При мысли о том, что Мацько может умереть, его охватывала глубокая грусть. До тюрьмы он даже не отдавал себе как следует отчета, как сильно он любит этого "дядьку", который был ему и отцом и матерью. Но теперь он знал это хорошо, чувствуя в то же время, что после смерти Мацьки он будет страшно одинок на свете, без родни, если не считать того аббата, у которого был заложен Богданец, без друзей и без всякой опоры. В то же время ему приходило в голову, что если Мацько умрет, то тоже из-за немцев, из-за которых он сам чуть не погиб, из-за которых погибли все его предки и мать Дануси и много, много неповинных людей, которых он знал или о которых слыхал от знакомых. И он начинал даже удивляться. "Неужели, — говорил он себе, — во всем этом королевстве нет человека, который не потерпел бы от них обиды и не жаждал бы мести?" Тут ему вспомнились немцы, с которыми он воевал под Вильной, и он подумал, что, вероятно, татары не жесточе их на войне и что, вероятно, другого такого народа нет на свете.
Рассвет прервал его размышления. День восходил ясный, но холодный. Мацько, видимо, чувствовал себя лучше: он дышал ровнее и спокойнее. Только когда солнце стало уже порядком пригревать, он проснулся, открыл глаза и сказал:
— Полегчало мне. А где мы?
— Подъезжаем к Олькушу. Знаете, где серебро добывают и в казну отдают.
— Кабы иметь то, что в земле лежит! Вот бы можно Богданец отстроить!

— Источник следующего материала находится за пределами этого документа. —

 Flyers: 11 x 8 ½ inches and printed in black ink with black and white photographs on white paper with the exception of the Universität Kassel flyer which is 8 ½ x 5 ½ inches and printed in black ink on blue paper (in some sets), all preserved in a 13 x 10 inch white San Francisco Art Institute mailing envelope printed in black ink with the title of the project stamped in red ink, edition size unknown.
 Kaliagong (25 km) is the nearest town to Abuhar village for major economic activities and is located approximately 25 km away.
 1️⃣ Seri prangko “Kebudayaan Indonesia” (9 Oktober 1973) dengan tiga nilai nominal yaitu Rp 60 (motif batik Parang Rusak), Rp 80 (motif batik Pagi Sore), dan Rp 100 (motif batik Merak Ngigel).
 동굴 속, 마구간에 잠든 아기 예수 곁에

— Видно, что вам лучше, — смеясь, отвечал Збышко. — Эх, хватило бы и на каменный замок. Но заедем в приход, там и примут нас, и вы сможете исповедаться. Все в руках Божьих, а все-таки лучше, когда совесть в порядке.
— Я человек грешный, покаяться рад, — отвечал Мацько. — Снилось мне ночью, что черти сдирают у меня кожу с ног… А между собой они по-немецки брехали… Слава богу, полегчало мне. А ты спал?

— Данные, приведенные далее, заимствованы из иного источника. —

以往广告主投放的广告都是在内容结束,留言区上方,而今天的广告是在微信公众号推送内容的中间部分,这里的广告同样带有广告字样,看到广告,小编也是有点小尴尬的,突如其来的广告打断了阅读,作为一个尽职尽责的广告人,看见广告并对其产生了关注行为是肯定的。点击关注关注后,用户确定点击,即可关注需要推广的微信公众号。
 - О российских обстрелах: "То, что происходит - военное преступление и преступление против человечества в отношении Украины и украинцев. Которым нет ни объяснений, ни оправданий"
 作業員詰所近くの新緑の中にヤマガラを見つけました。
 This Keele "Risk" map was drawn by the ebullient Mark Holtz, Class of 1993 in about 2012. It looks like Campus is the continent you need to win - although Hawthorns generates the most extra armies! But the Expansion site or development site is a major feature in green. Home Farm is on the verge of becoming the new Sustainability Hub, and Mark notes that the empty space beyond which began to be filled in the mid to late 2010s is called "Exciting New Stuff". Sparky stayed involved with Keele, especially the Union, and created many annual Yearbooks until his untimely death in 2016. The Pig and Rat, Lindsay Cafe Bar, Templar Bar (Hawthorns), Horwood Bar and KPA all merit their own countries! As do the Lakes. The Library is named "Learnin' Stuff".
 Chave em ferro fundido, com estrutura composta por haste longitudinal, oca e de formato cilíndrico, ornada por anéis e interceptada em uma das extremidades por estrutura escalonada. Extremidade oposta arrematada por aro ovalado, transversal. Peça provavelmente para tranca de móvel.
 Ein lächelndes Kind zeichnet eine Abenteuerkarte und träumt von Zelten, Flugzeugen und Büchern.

— Где же мне было спать, коли я вас стерег?
— Ну так приляг хоть немного. Как приедем, я тебя разбужу.
— Не до сна мне.
— А что тебе мешает?
Збышко взглянул на дядю глазами ребенка:
— Что же, как не любовь? У меня даже колики начались от вздохов, да вот сяду на минутку на коня — мне и полегчает.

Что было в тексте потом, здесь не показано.